They couldn't implement ODF using the many OpenOffice variations that participated in the year long pilot study, so they came up with the idea of an ODF clone of the MS-OOXML Compatibility Pack plug-in for MSOffice. The thinking being that if Microsoft could convert documents, applications and processes to MS-OOXML using a plug-in, then maybe it's possible to do the same with ODF?
The ODf vendors had of course advised Massachusetts that such a plug-in could not be done. But then CIO, Louis Gutierrez, and his staff persisted, releasing the public plea for help. We responded to the RFi based on an interest myself and some other Foundation members had dating back to the initial release of the MSOffice 2003 beta when we were first amazed that an XML conversion could actually be done using the plug-in architecture.
The one thing about the Massachusetts ODf implementation problem that people refuse to admit is that the hard barrier was not political. Sure, the politics were nasty. But Louis and his staff were determined, even though their entire budget was cut out from under them. The hard barrier that was uncovered during the pilot study was that of a wide proliferation of MSOffice bound workgroup-workflow business processes. Processes demanding the high fidelity exchange of documents commonly demanding perfect application version synchronization throughout the chain. It was too disruptive to rip out and replace MSOffice because of these bound business processes. And it was too costly to re engineer the business processes for ODf ready alternatives. Hence the idea of an ODf plug-in for MSOffice.
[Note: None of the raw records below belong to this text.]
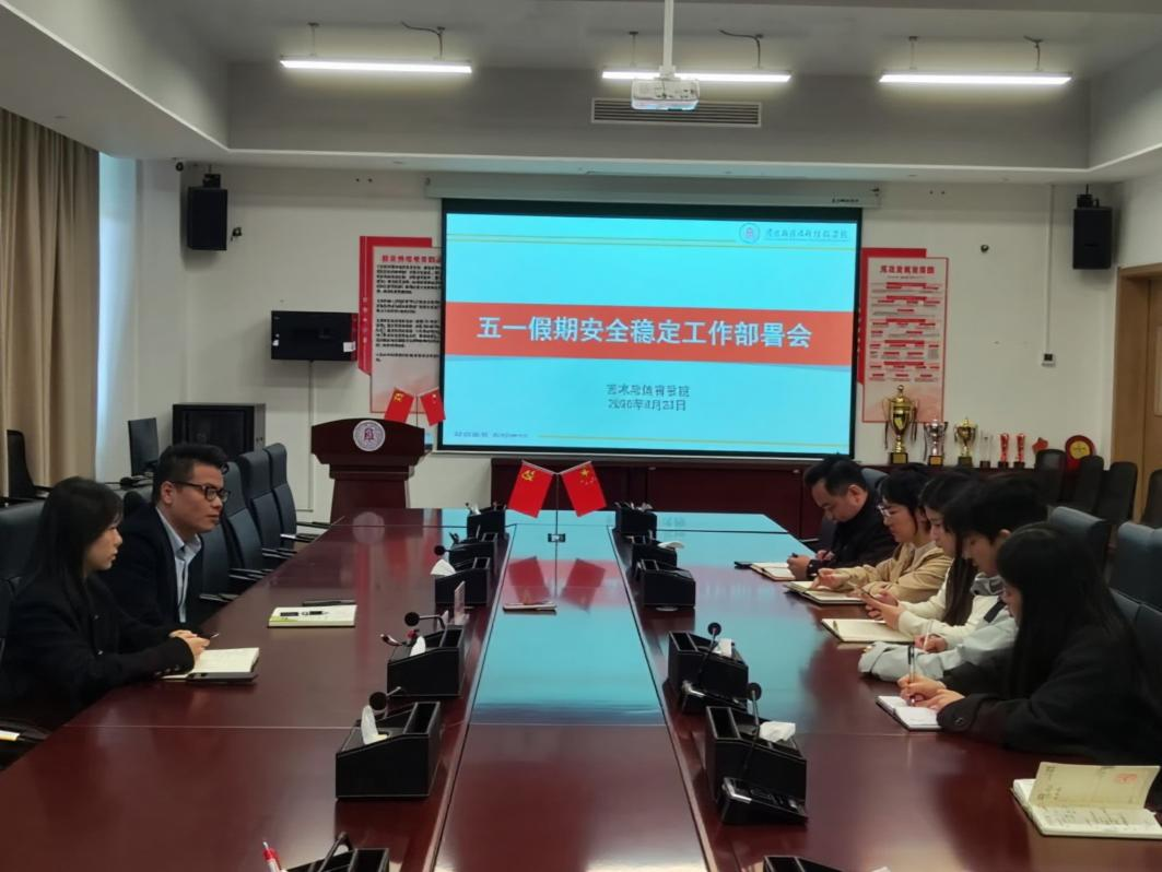 为做好“五一”假期校园安全稳定工作,防范各类安全风险,保障学生安全与校园正常秩序,近日,我院召开五一假期安全稳定工作部署会,学院党总支书记王洪波、副院长朱华,以及各科室负责人与全体辅导员参会,会议由王洪波主持。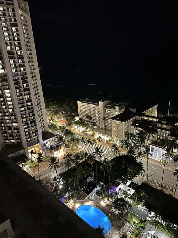 カラカウア通りを挟んでいるといっても、海はすぐそこ。キラキラした光に包まれたワイキキの夜景も楽しめます。目の前には、1901年創業の老舗ホテル「モアナサーフライダーホテル」のお姿も。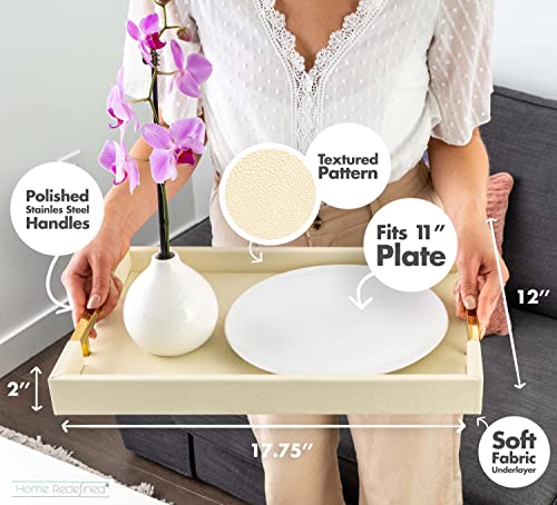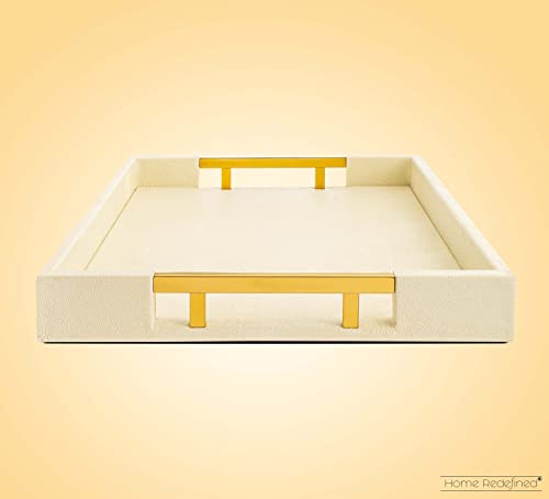 Modern Elegant 18”x12” Rectangle Cream Rectangle Shagreen Faux Leather Decorative Tray Ottoman Tray Coffee Table Perfume Living Room Kitchen Serving Tray with Gold Polished Metal Handles.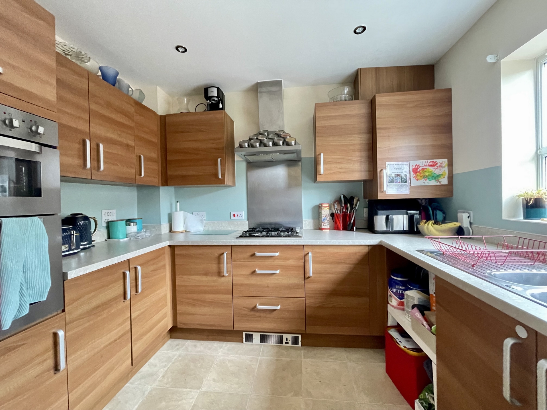 KITCHEN: 3.0m x 2.8m (9'10" x 9'2"), Base cupboards and drawers with worktop over, sink and drainer, built in oven and hob with hood over, space for fridge freezer, space for dishwasher, wall mounted cupboards, double glazed window to the front.
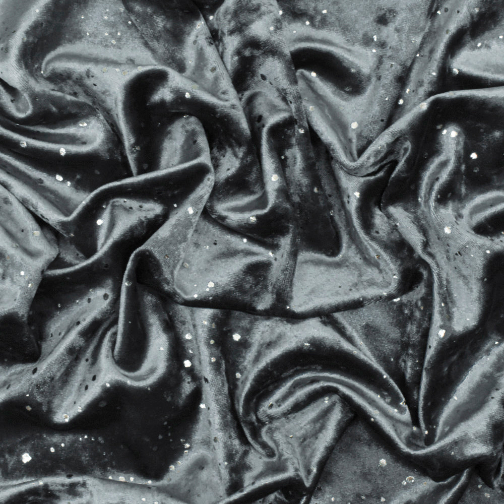 -Lustrous drip dot inspired pattern foil printed stretch velvet knit fabric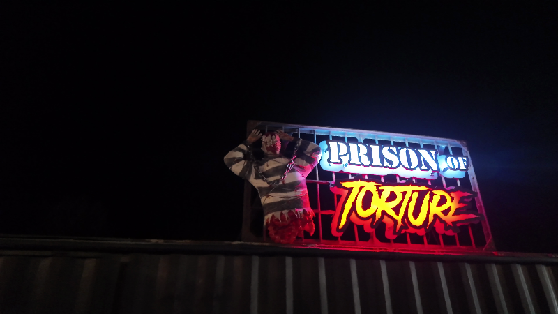 Boasting a huge midway, three small indoor attractions, and one insanely long trail, 13th World Fright Park is absolutely at the top of their game. I am blown away by the fact that I didn’t know about this haunt before attending, and now I want to make the drive to see them every single year. The main attraction, Moonlight Mayhem, is a standout among outdoor trails, and mayhem doesn’t even begin to describe the level of intensity experienced within. All ticket holders will also be able to see three smaller indoor attractions. Hellfire House, a twisted maze of darkness and fog that will leave guests praying to find the exit; North Pole Nightmare, when Christmas gets taken over by South Pole clowns; and finally, Prison of Torture, where your nightmares become reality.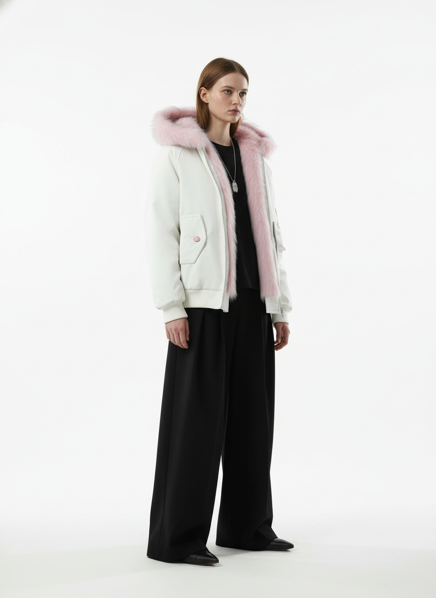 Retro Contrast Fur Collar Quilted Cotton Bomber Jacket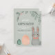 Cette charmante invitation à la célébration de Pâques présente une illustration adorable de lapin associée à des œufs de Pâques pastel doux et à des éléments botaniques délicats sur un fond neutre apaisant. La palette de couleurs douces crée une atmosphère chaleureuse et accueillante, parfaite pour les dîners de Pâques, les réunions de famille, les célébrations printanières ou les événements de vacances. Conçue avec un style ludique mais élégant, cette invitation est entièrement personnalisable avec les détails de l'événement, ce qui la rend idéale pour les occasions de Pâques destinées aux enfants et aux familles.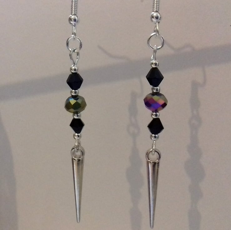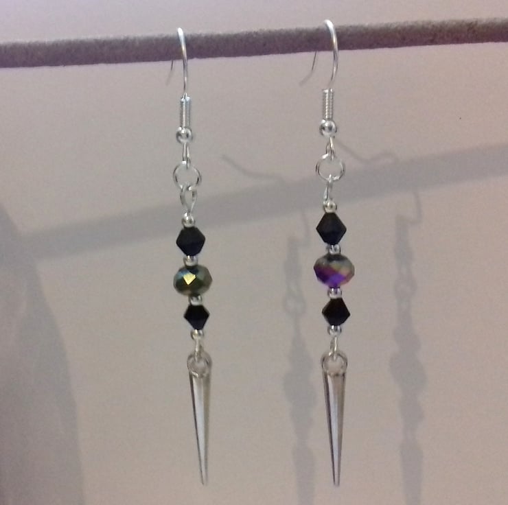 These wonderful earrings feature short shiny silver spikes hanging with black and ab crystals. They are finished with silver plate hooks.

Even though we proved it was possible to write an ODf clone of the MS-OOXML Compatibility Pack plug-in, and demonstrated this on June 19th, 2006 at a day long event hosted by IBM, there still remained the problem of adapting ODf to a situation it was not designed to deal with. Because we were dealing with business processes, there was an absolute need for a high fidelity “round trip” capable conversion process.
"PLUGIN: Transparently Open a File" ** | fr0mat.net | 17 July 2006
This statement that ODf was not designed to meet the Massachusetts market requirements comes as a shock to the faithful. Yet, most would admit that if Microsoft were to join the OASIS ODf TC, there would no doubt be a massive wave of compatibility eXtensions and application specific eXtensions required for MSOffice apps to implement ODf. From our point of view though, we only needed five generic eXtensions to get the job done.
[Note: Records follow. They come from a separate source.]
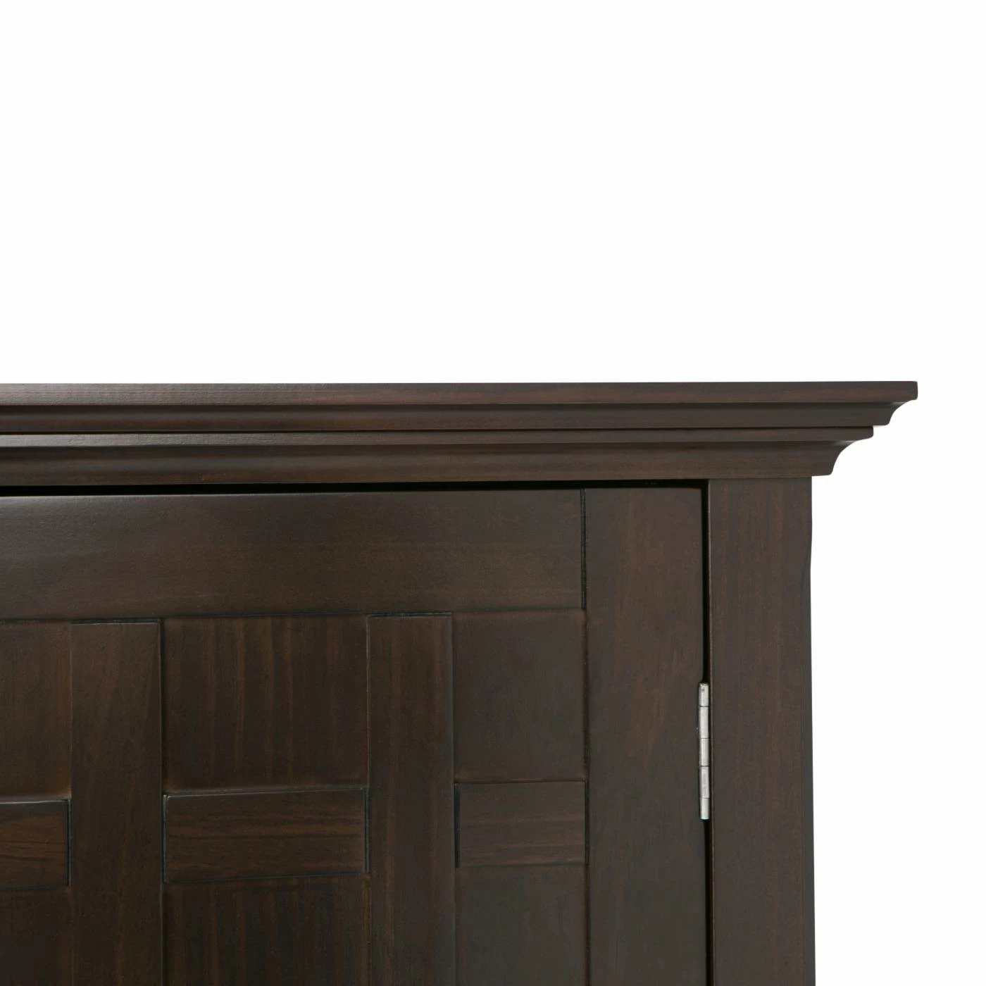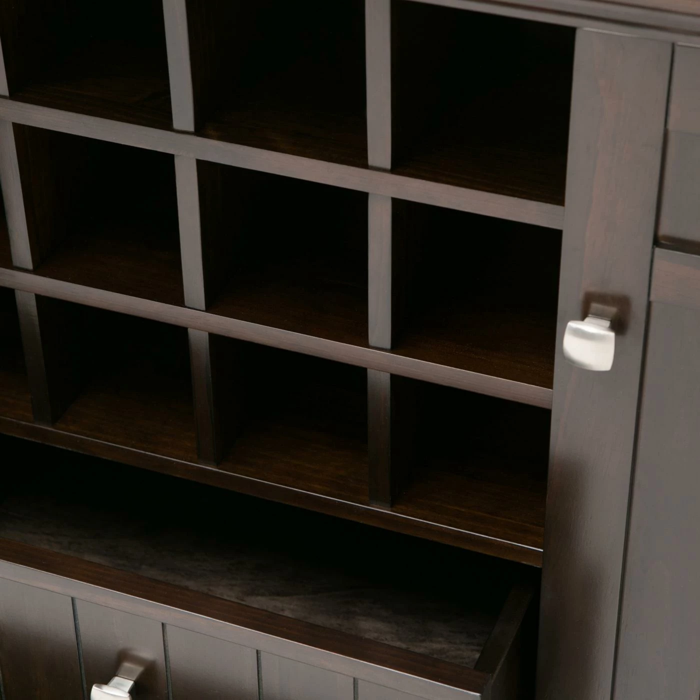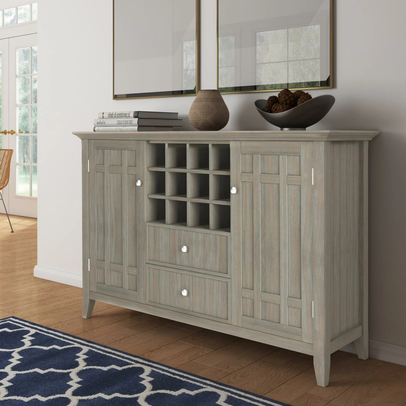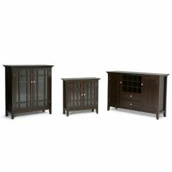 Dark and handsome, the Brooklyn + Max Hampton Pine Wood 2 Drawer Buffet Credenza with Wine Rack is a wine-lover’s dream. Perfect for any dining space or kitchen with its choice of finish, this sideboard features a 12-bottle wine rack storage in the center. Beneath are two drawers, while the two side doors each have two shelves behind for enclosed storage. The solid panel doors have cross-hatch style mullions to complete the look.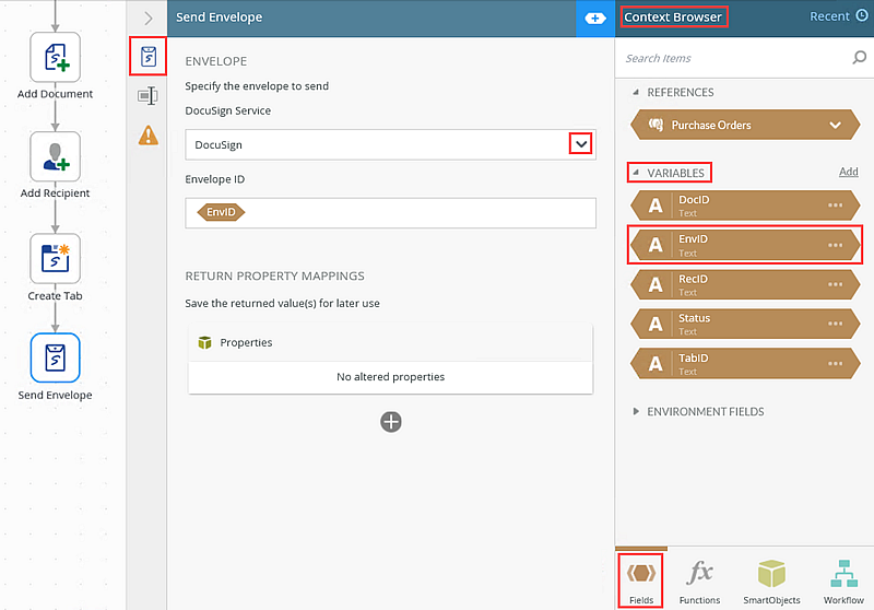 7. Add the Send Envelope step to the workflow. In this step, you add and configure the Send Envelope step to send the item to the recipient for signature.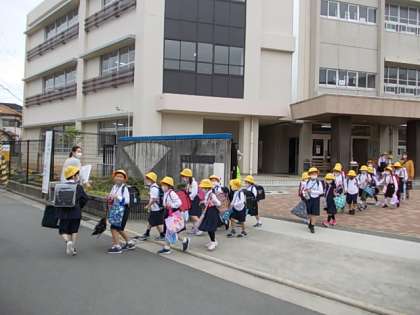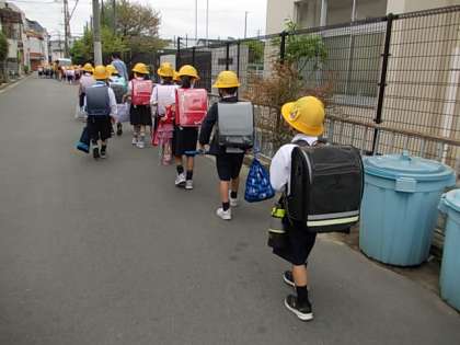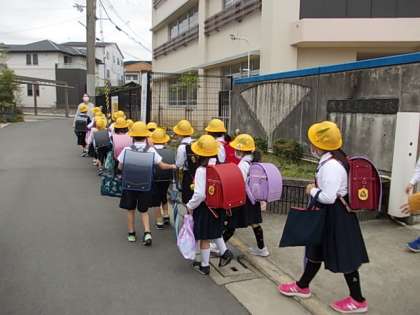 道路の端を列になって下校します。6年間ずっと安全第一で登下校しようね♪

"PLUGIN: Transparently Save a File" ** | fr0mat.net | 18 July 2006
Doesn't sound like a big deal does it? But it is. The issue of eXtending ODf to meet the compatibility – interoperability needs of MSOffice desktops was destined from day one to tear the ODf community to shreds. It's kind of like the issue of slavery was to the original framers of the Constitution. They couldn't agree as to how to deal with the issue when the country was founded, and it later came back to tear the Republic apart in a horrific civil war. I'll try to explain, so bear with me.
To start with, this much must be understood. The core Massachusetts market requirements are expressed as compatibility with existing file formats (including Microsoft binary documents), and interoperability with existing applications (including MSOffice apps). There is a third requirement called grand convergence, but we'll save that for later. Others, like Sun with their ANSI – ISO vote in favor of MS-OOXML, expressed this same issue as: ”We wish to make it completely clear that we support DIS 29500 becoming an ISO Standard and are in complete agreement with its stated purposes of enabling interoperability among different implementations and providing interoperable access to the legacy of Microsoft Office documents.
The ODf compatibility-interoperability with Microsoft documents and applications has a long and troubling history at OASIS. The very first instance of this issue came on December 16th, 2002, at the first OASIS Open Office XML TC meeting, when the proposed charter came up for vote. Keep in mind that the first phase OASIS ODf group was overwhelmingly comprised of enterprise publication, content, and archive management systems representatives. Representatives from Stellent, ArborText, Boeing, Corel, SpeedLegal, the Australian National Archives, and the Society of Biblical Literature were prominent members. The desktop office suites were a minority.
Throughout those first 15 months of phase one work, the interests, influence and persuasive arguments of this “enterprise” side of the original OASIS ODF group greatly influenced the Foundation's goals of a single universal file format. A vision that went beyond the limits of desktop office productivity suites, and into the realm of what has been called the ”grand convergence” of desktop, server, device and web systems.
"PLUGIN: Default to ODF" ** | fr0mat.net | 18 July 2006
So what happened at that first meeting that is so significant to the later events in Massachusetts? When the proposed charter was brought up for discussion, Phil Boutros, the legendary conversion - reverse engineering - Über document expert from Stellent, proposed that the charter be amended to include as a primary objective, “compatibility with existing file formats”. Including Microsoft file formats.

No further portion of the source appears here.